Minnesota Department of Health Treasurer
Meeting the Unique Needs of Expectant and Parenting College Students (2014)
Developed in 2010, the Minnesota Student Parent Support Initiative is a post-secondary educational program that offers support to expectant and parenting college students and their children in nine colleges and universities across Minnesota. The program was developed to address the unique challenges faced by this population, including high risk for drop out, unplanned pregnancies, unhealthy behaviors, and difficulties preparing for future careers. Specifically, the program established goals to help expectant and parenting students accomplish their post-secondary education goals at institutions of higher education, maintain positive health and well-being for themselves and their children, and increase the capacity of institutions of higher education for serving expectant and parenting teens and their children.
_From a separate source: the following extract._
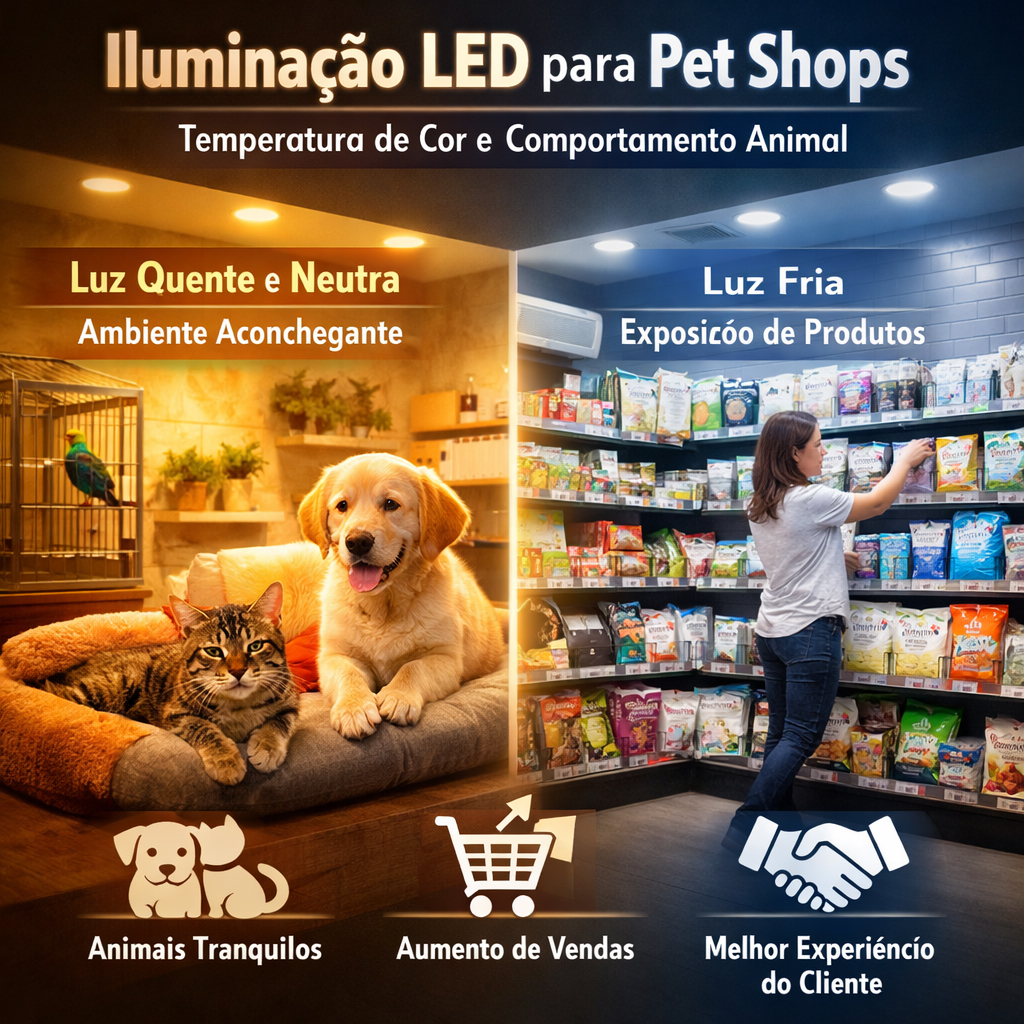 Como escolher a temperatura de cor ideal para conforto animal, melhor exposição de produtos e aumento de vendas em pet shops. Para um entendimento mais aprofundado sobre iluminação, acesse nosso Guia Completo.

The program, which currently serves almost 2,000 student parents and their children, offers a wide range of resources, including emergency financial assistance for child care, utilities, food, and rent; parenting education classes; social support groups and health education classes (i.e. smoking cessation, family planning, healthy eating, etc.); and screening for students for intimate partner violence, depression, tobacco use, and alcohol. The program is customizable so that participants choose their level of participation based on their individual needs.
In addition to offering direct services to the students, some participating institutions of higher education advocate on behalf of students by assessing if the schools’ policies can be modified to meet the needs of this population. For example, they advocate for lactation rooms on campus and for excused absences when parents need to care for their sick children.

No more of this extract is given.